Strong US opening boosts sentiment
GLOBAL STOCK markets remained firm yesterday as a stronger opening in the US led to improved sentiment throughout the day, offsetting earlier weakness after China reported that foreign direct investment fell for the eighth time in nine months.
Oil prices softened somewhat on the back of US data which showed a weakening of business conditions, though Brent crude prices remained at the elevated level seen over the last month.
VOLUMES WERE thin in Dublin, with trading lighter than in previous days when a number of companies had reported interim results.
The picture improved throughout the day, buoyed by a strong opening in the US, with the Iseq finishing the session pretty much flat on the day.
CRH continued to attract investor interest yesterday on the back of its interim results this week.
Its share price slide continued, though at a slower pace than in previous days, with the stock losing 0.5 per cent on light volumes. It finished the session at €14.235.
News that Etihad may be eyeing Ryanair’s investment in Aer Lingus had minimal impact on the share performance of the budget airline or Aer Lingus, which is currently the subject of a takeover bid from Ryanair, according to traders.
Ryanair finished 0.2 per cent off at €4.07, while Aer Lingus added 0.4 per cent, closing the day at €1.074.

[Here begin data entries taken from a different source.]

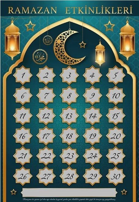 1. Ramazan Etkinliklerini Hazırlama: Ramazan Etkinliklerini düz ve görülmesi kolay bir yere asın veya yerleştirin. Her günün karşılığında gizlenmiş kazıma alanları bulunduğunu kontrol edin.
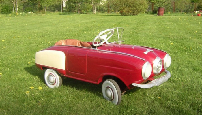 Купить в убитом состоянии и восстановить для детей педальный Москвич шестидесятых годов.
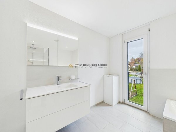 Zusätzlich verfügt das grosse Familienbad im Obergeschoss über einen praktischen Wäscheabwurf. Ein weiterer Wäscheabwurf im Erdgeschoss sorgt dafür, dass auf beiden Etagen dieser Komfort zur Verfügung steht.
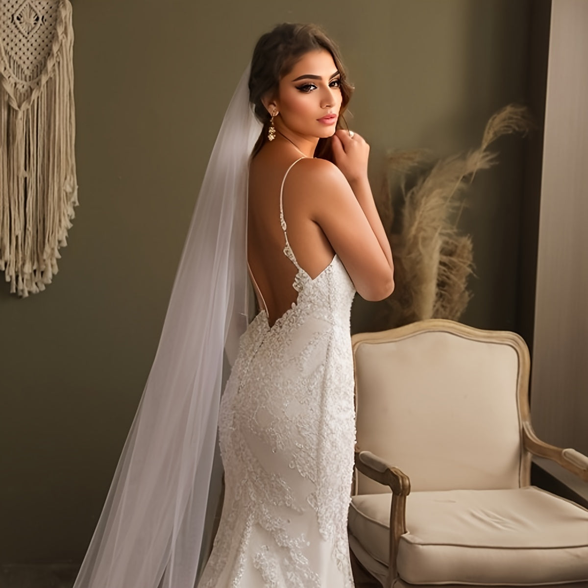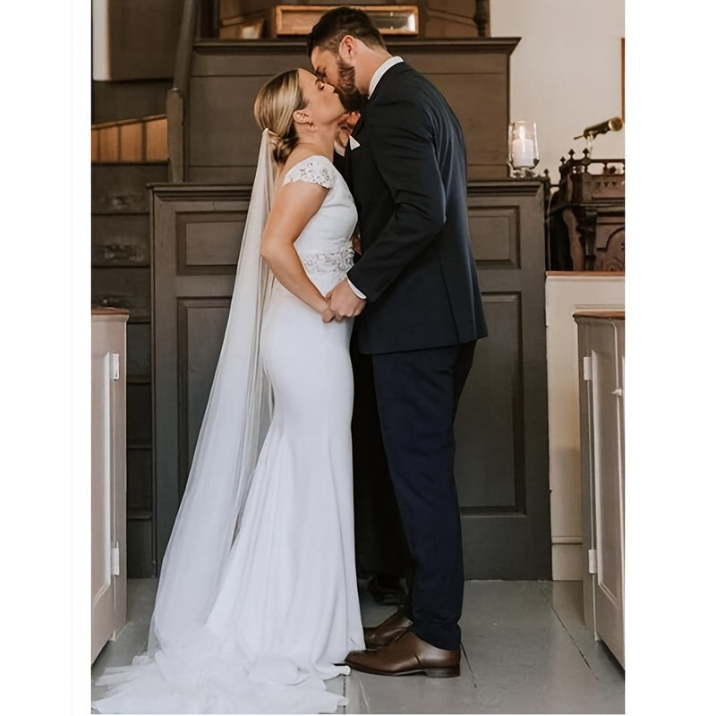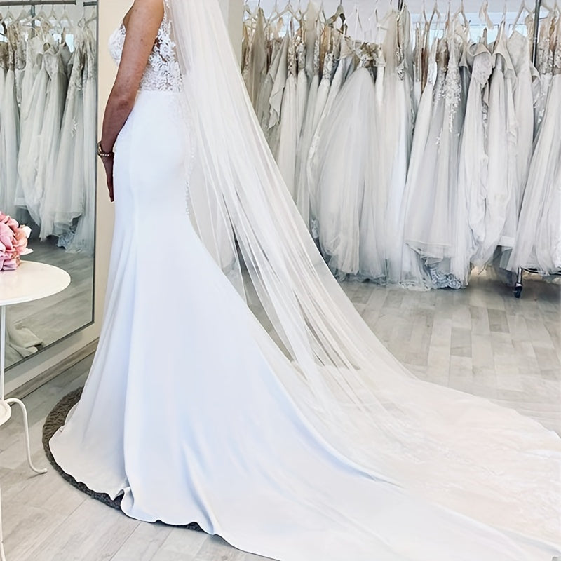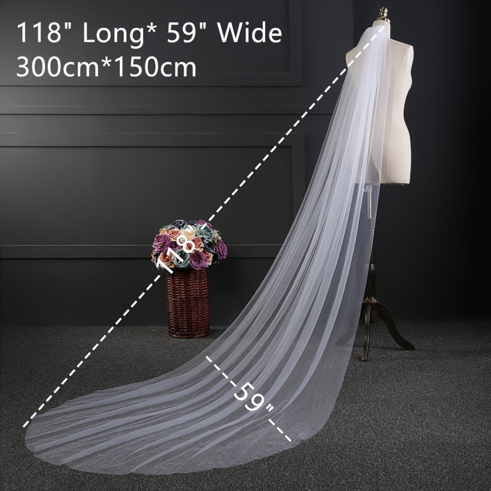 Свадебная фата для невесты с длинным шлейфом из тюля, однослойная, для особых мероприятий
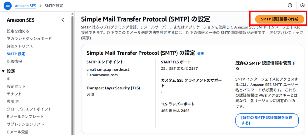 - 「SMTP認証情報の作成」をクリック
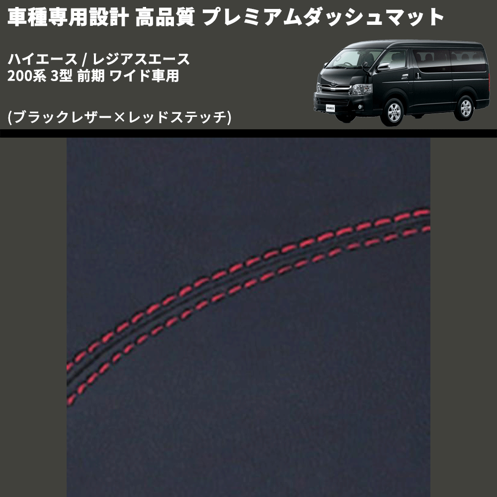 (ブラックレザー×レッドステッチ) プレミアムダッシュマット ハイエース / レジアスエース 200系 3型 前期 ワイド車用 FEGGARI DM200BKRW
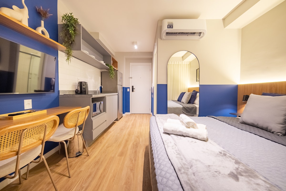 Studio completo e bem decorado no Brooklin! A 5 min do Metrô Brooklin, ao lado do Carrefour e próximo do consulado. Conta com cama confortável, ar-condicionado, Wi-Fi, Smart TV, cozinha equipada, banheiro moderno e enxoval incluso. Em rua tranquila, perto da Berrini, shoppings e comércios. Ideal para turismo, trabalho ou vistos
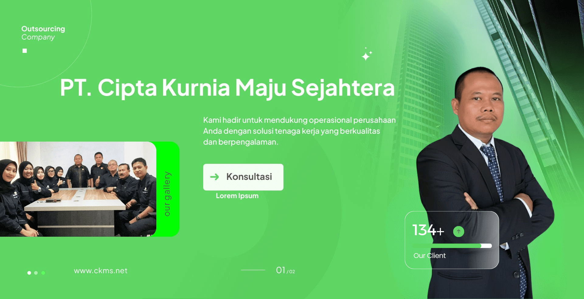 PT. CIPTA KURNIA MAJU SEJAHTERA (CKMS) merupakan perusahaan yang bergerak di bidang jasa outsourcing. Perusahaan kami menyediakan tenaga kerja profesional dengan berbagai keahlian dan pengalaman.
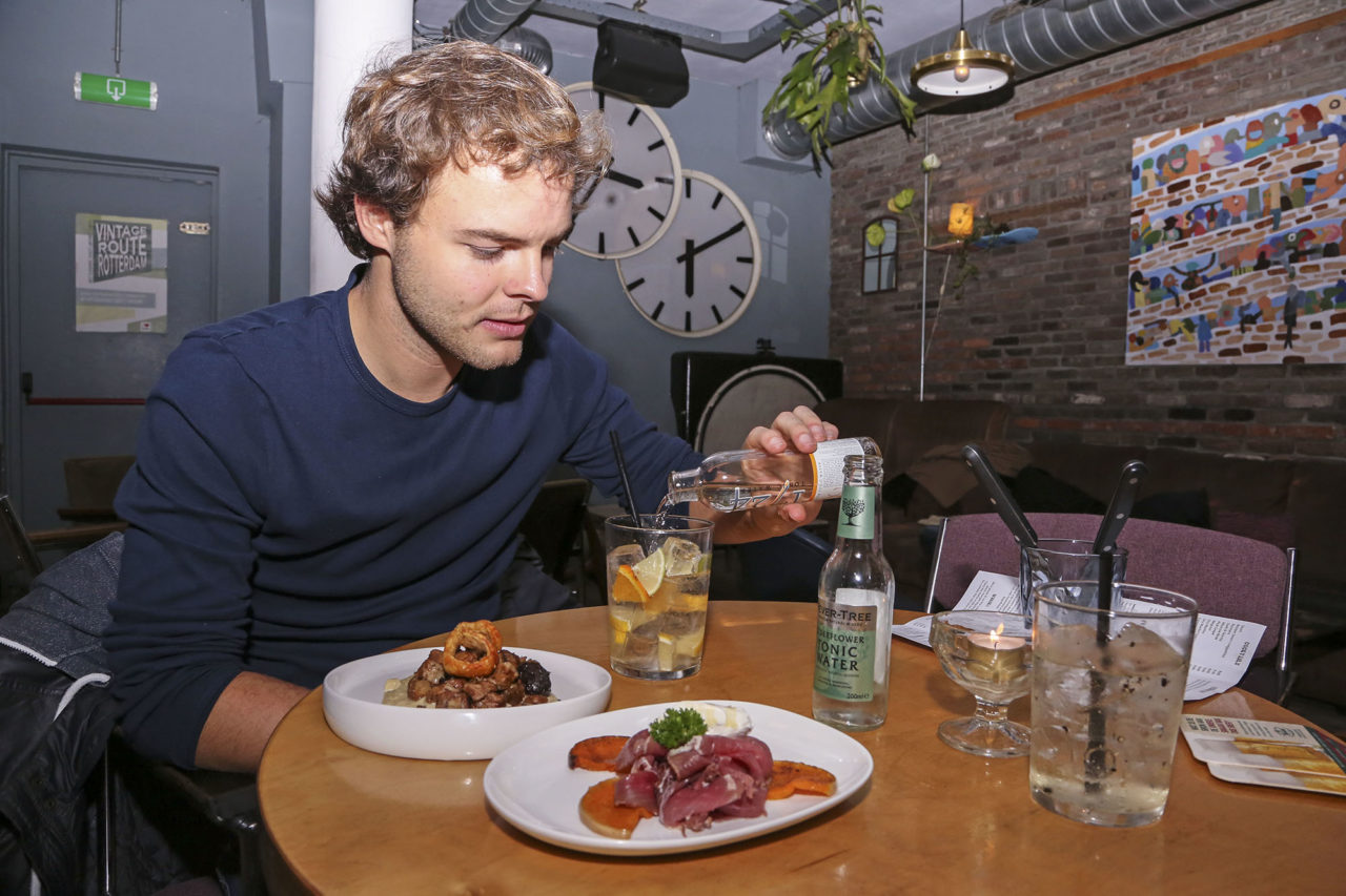 De barman met baard – ‘proef onze fijne varkenswang’ – spreekt van een ‘gemixt’ publiek: veel kunstzinnige types, maar ook de ‘meest grijze kantoormuizen’, maar wel allemaal vallend onder de noemer ‘de wat rijkere, niet al te domme mensen’. “Geen Stadhuisplein-publiek, maar leukere types.”
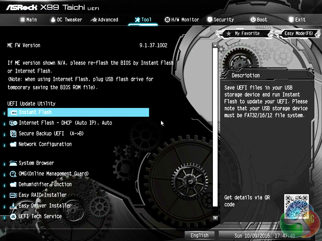 Under the Tool section ASRock has a range of pre-packaged utilities within the UEFI, think of them like “apps” for the BIOS. The most frequently used of which will be the Instant Flash BIOS update utility, or the internet-connected variant Internet Flash which will download, prepare and install the latest UEFI for you with minimal intervention.
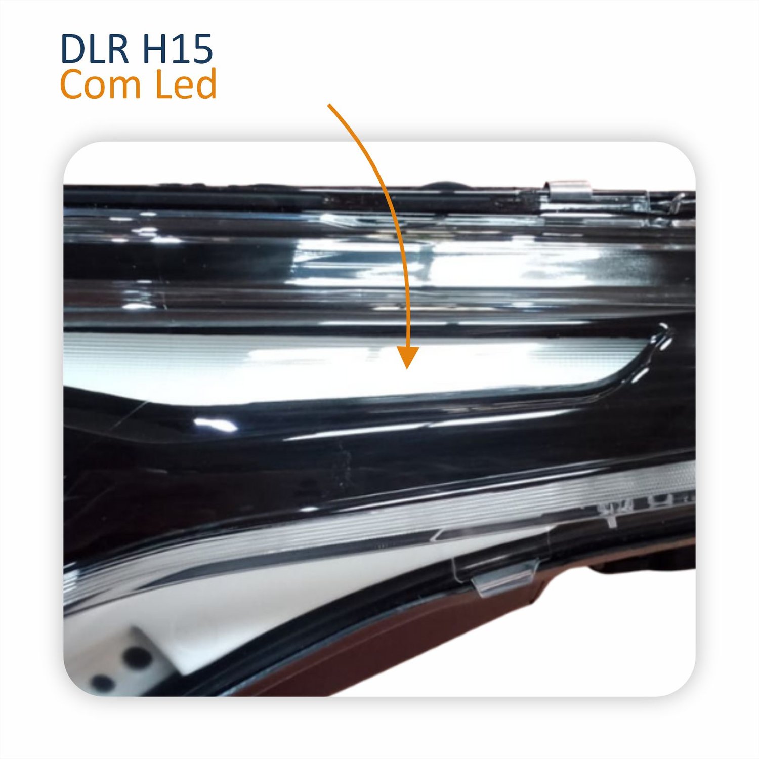 Farol dianteiro com máscara negra Led e DRL, desenvolvido para reposição com encaixe perfeito, excelente iluminação e visual moderno, mantendo o padrão original do veículo.

Elsewhere, Smurfit Kappa put in a strong performance, advancing almost 5 per cent, though on light volumes.
Paddy Power lost 1.5 per cent to €52.70 ahead of interim results next Wednesday.
UK STOCKS mirrored the performance of the Iseq index, ending the session pretty much flat having pared earlier losses. The index was boosted by better-than-expected UK retail sales.
BG Group, the UK’s third largest natural gas producer, declined 0.3 per cent to 1,317.5 pence after Morgan Stanley cut its rating of the stock to equal weight, the equivalent of hold, from overweight.
Vedanta, an aluminium and copper producer in India, and Kazakhmys, the biggest copper miner in Kazakhstan, advanced 2 per cent to 937.5 pence and 2.8 per cent to 735 pence respectively.
A gauge of London-listed mining companies gained 1 per cent, rebounding from a three-day slump.
Vodafone, the world’s second largest mobile phone company, lost 1.7 per cent to 185.55 pence. Telecom Austria reduced its 2012 profit and sales forecasts, and China Mobile, the world’s biggest phone company by subscribers, said profit growth cooled to the slowest annual pace in at least 13 years.
EUROPEAN STOCKS, which have strengthened over the last 10 weeks, continued to advance yesterday. National benchmark indexes advanced in 15 of the 18 western European markets. France’s CAC 40 index rose 0.9 per cent, and Germany’s DAX increased 0.7 per cent.
Novozymes, the world’s biggest maker of industrial enzymes, gained 4.8 per cent after reporting second-quarter profit that exceeded analysts’ projections.
Mediaset surged 11 per cent amid reports Middle East investors are buying shares in the Italian broadcaster.
Telekom Austria slid 5.6 per cent after cutting its profit and sales forecast for 2012.
The Stoxx Europe 600 index climbed 0.3 per cent to 271.22 at the close, its highest level since March 19th. The volume of shares changing hands on the Stoxx 600 was 17 per cent lower than the average of the last 30 days, according to Bloomberg data.
US STOCKS advanced, sending the Standard Poor’s 500 index toward the highest level since April at one stage, as building permits jumped in July to a four-year peak and Cisco Systems earnings beat estimates.
However, most of the attention focused on Facebook which fell to an intraday low after freeing up an additional 271.1 million shares, boosting by 60 per cent the number available to trade and compounding concerns that have depressed the stock since the initial public offering.
Cisco surged after the biggest maker of computer-networking equipment reported quarterly profit and sales that topped analysts’ estimates.
Sears added 6 per cent to $59.98 after the retailer, which is controlled by hedge fund manager Edward Lampert, reported a smaller second-quarter loss helped by reduced inventory costs.
Wal-Mart fell 3.3 per cent to $71.97 after the world’s largest retailer reported a 4.5 per cent increase in total second-quarter revenue to $114.3 billion.
Meanwhile, commodities continued to rise, reaching a three-month high, led by wheat and natural gas.